Silt fence, or filter fabric fence, is a temporary linear sediment barrier of permeable fabric designed to intercept and slow the flow of sediment-laden sheet flow runoff from areas of erodible soil. Silt fence is made of woven synthetic filtration fabric (also known as geosynthetic or geotextile). Geotextiles are manufactured by tightly stretched lengthwise polymer strands, known as warp, woven with filler polymer strands, known as weft. These materials often contain identical warp and weft strands creating what is known as an even weave. The conventional silt fence has uniform geotextile weaving producing a constant permittivity (permittivity=cross-plane permeability coefficient / thickness at specified normal pressure) throughout the material's height and length. Mud cake reduction in permittivity is also uniform for conventional silt fence. Typical width of the geotextile is 24 to 36 inches. Any desired length of the geotextile can be manufactured as it is transported in rolls.

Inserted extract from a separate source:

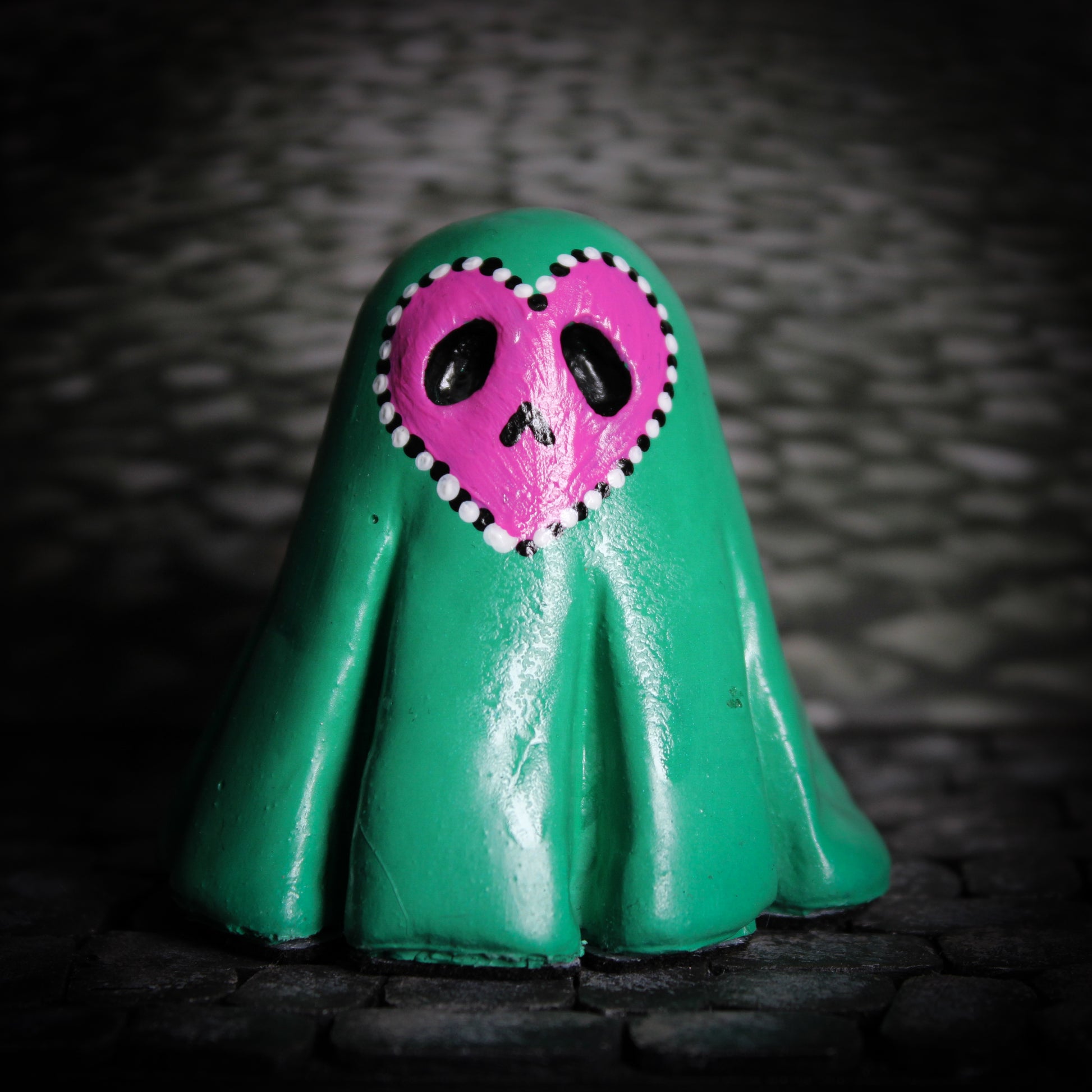 Each concrete ghost in our collection is a one-of-a-kind creation, individually hand poured with care and character. Some remain unpainted, while others are adorned with hand-painted details that make them truly unique. Whether spooky or sweet, these one-off little ghouls add the perfect touch of haunted charm to any shelf, altar or darkly whimsical space.

Proper installation of the woven geotextile requires support vertically by steel or wood posts in plurality, properly spaced to such length as to be substantially strong to hold the geotextile silt fence upright while impounding water to its capacity. The silt fence material should be stretched between support posts to assure it is taunt to prevent sag failure. Said fences require installation in a linear fashion along a constant topography and entrenched to create a seal with the earth. Because said fence is entrenched throughout its length into the soil, it creates a vertical hydraulic barrier providing a temporary impoundment. Therefore, the entrenched portion must be water tight to provide a vertical slurry barrier with the soil. Therefore, larger storms, either by long duration or high intensity, create greater depth of impounded water behind the fence.
The purpose of silt fence is to prevent sediment carried by sheet flow stormwater runoff from leaving denuded areas such as construction sites and entering natural waters or storm drainage systems. This best management practice treats sediment-laden stormwater runoff and reduces erosion by slowing the velocity of runoff, thereby causing the deposition of sediment at the structure interface. Silt fencing encourages sheet flow at the discharge as a level spreader and reduces the potential for development of rills and gullies which are aggressive forms of erosion.
Silt fence is widely utilized as a best management practice for construction activities which denude soil, exposing it to erosion. Because of their widespread use, systematic failure of silt fence devices allows significant sediment loads to reach natural waters. Typically, failure of silt fence occurs from two mechanisms: improper installation or hydraulic overtopping.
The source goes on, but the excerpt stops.